• YOUR INSTRUCTIONS:
Look through the data below and output, unchanged, every line from the one holding "风格:休闲 流行元素:松糕跟、交叉绑带、拼色 鞋头形状:圆头" through the one holding "- książeczka posiada", inclusive. Skip the pictures.

[Stored items]
==========

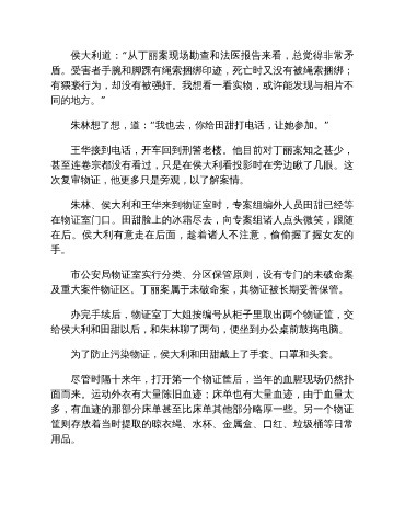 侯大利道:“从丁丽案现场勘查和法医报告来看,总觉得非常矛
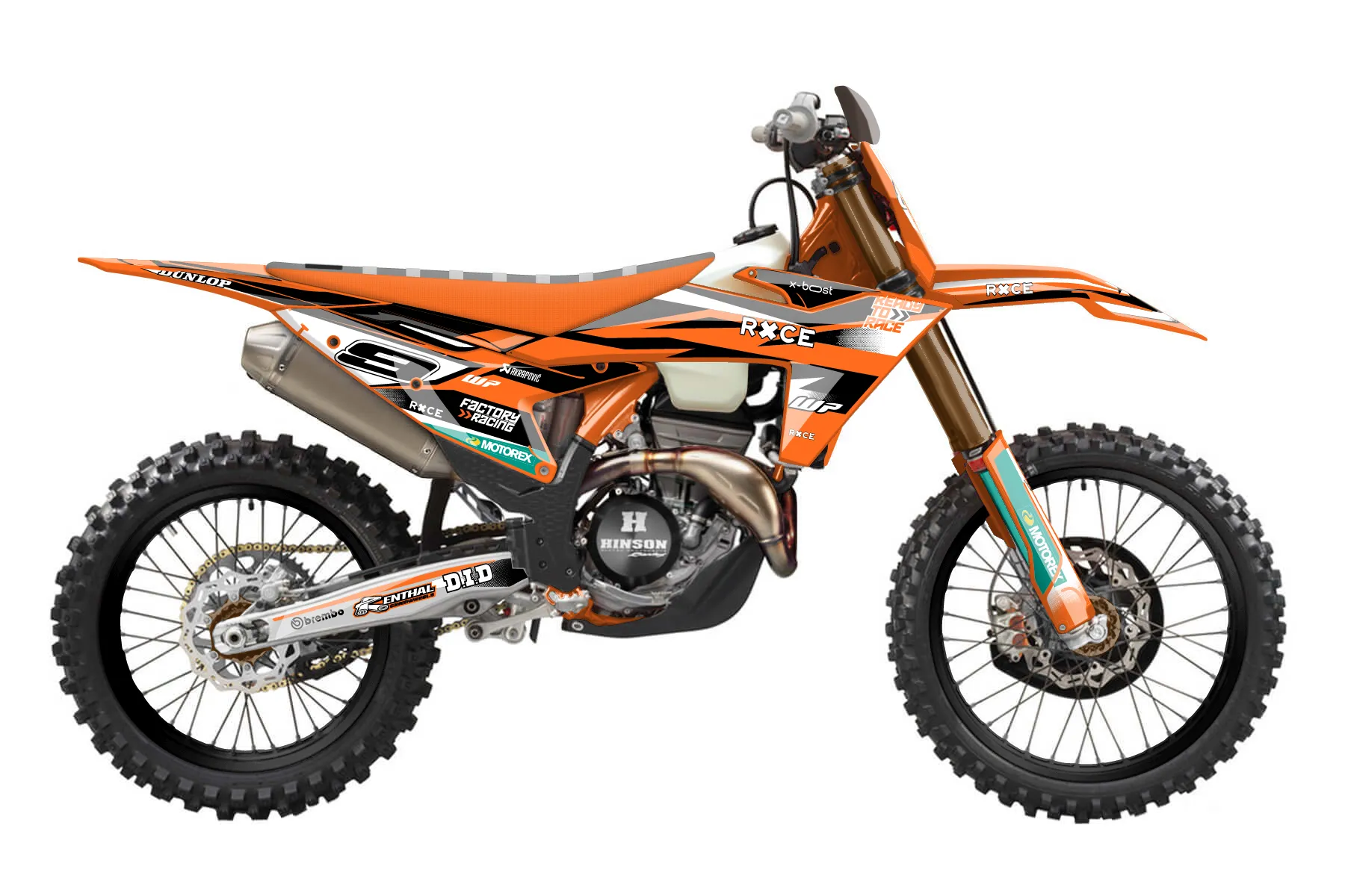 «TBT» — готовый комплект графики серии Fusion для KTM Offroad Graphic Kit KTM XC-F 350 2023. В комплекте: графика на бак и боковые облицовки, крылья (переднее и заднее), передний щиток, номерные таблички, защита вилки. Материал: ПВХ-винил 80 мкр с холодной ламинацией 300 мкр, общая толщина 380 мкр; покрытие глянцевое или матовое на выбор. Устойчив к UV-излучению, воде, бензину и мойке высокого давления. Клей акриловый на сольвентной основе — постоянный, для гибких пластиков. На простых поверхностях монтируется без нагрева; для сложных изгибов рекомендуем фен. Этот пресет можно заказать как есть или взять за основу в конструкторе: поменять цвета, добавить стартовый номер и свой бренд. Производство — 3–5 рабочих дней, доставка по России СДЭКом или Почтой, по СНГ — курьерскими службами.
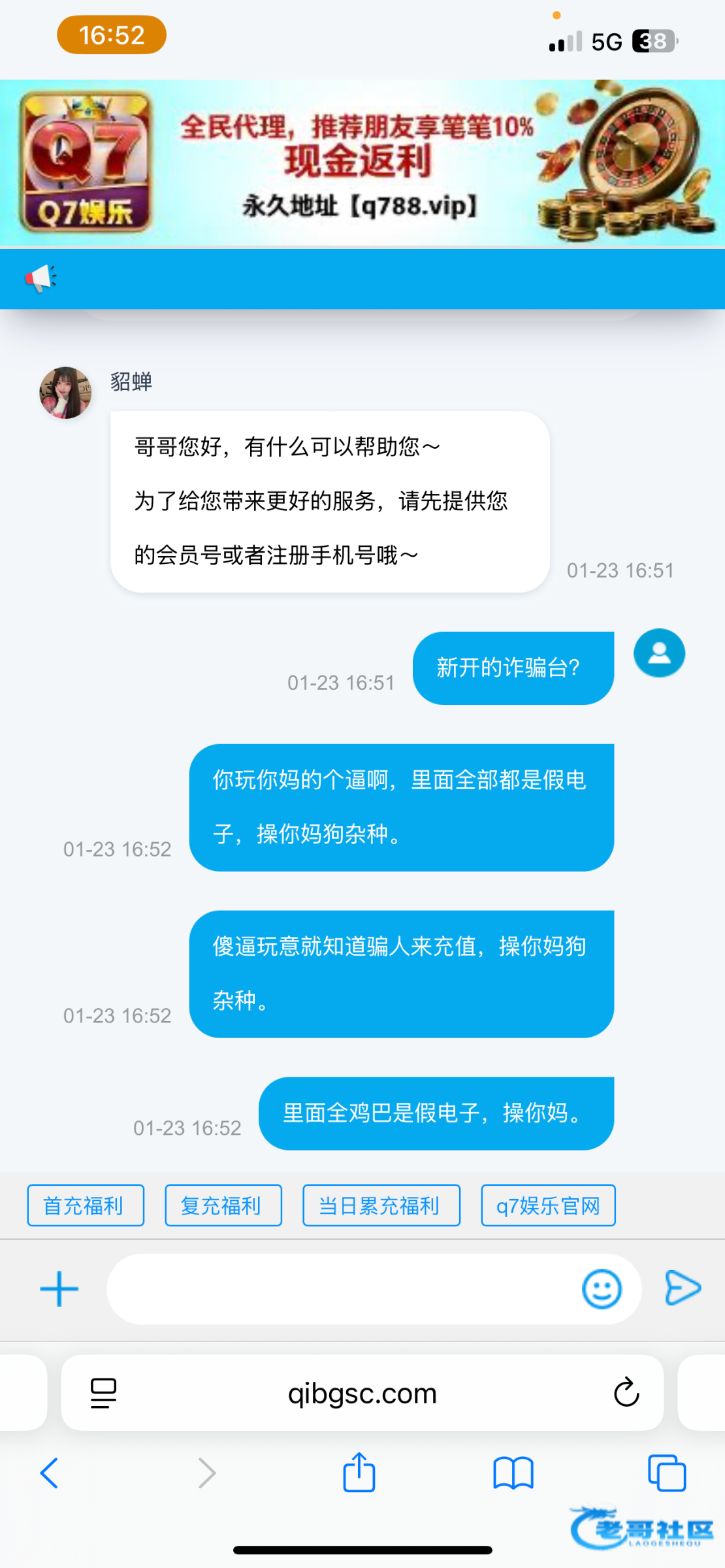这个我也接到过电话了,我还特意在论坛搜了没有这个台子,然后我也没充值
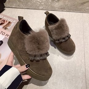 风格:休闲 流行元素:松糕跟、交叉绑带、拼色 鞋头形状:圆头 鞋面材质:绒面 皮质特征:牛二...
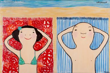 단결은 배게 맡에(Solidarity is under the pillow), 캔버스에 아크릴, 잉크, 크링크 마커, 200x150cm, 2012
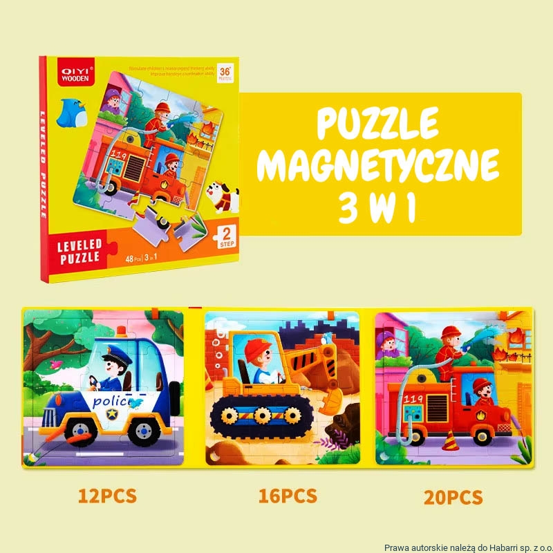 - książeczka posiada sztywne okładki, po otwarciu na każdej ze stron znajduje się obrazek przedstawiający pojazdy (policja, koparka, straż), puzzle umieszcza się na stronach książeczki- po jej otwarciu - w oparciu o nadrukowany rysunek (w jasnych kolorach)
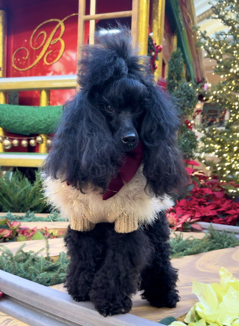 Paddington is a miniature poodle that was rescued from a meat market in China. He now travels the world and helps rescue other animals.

==========

• EXPECTED ANSWER:
 风格:休闲 流行元素:松糕跟、交叉绑带、拼色 鞋头形状:圆头 鞋面材质:绒面 皮质特征:牛二...
 단결은 배게 맡에(Solidarity is under the pillow), 캔버스에 아크릴, 잉크, 크링크 마커, 200x150cm, 2012
 - książeczka posiada sztywne okładki, po otwarciu na każdej ze stron znajduje się obrazek przedstawiający pojazdy (policja, koparka, straż), puzzle umieszcza się na stronach książeczki- po jej otwarciu - w oparciu o nadrukowany rysunek (w jasnych kolorach)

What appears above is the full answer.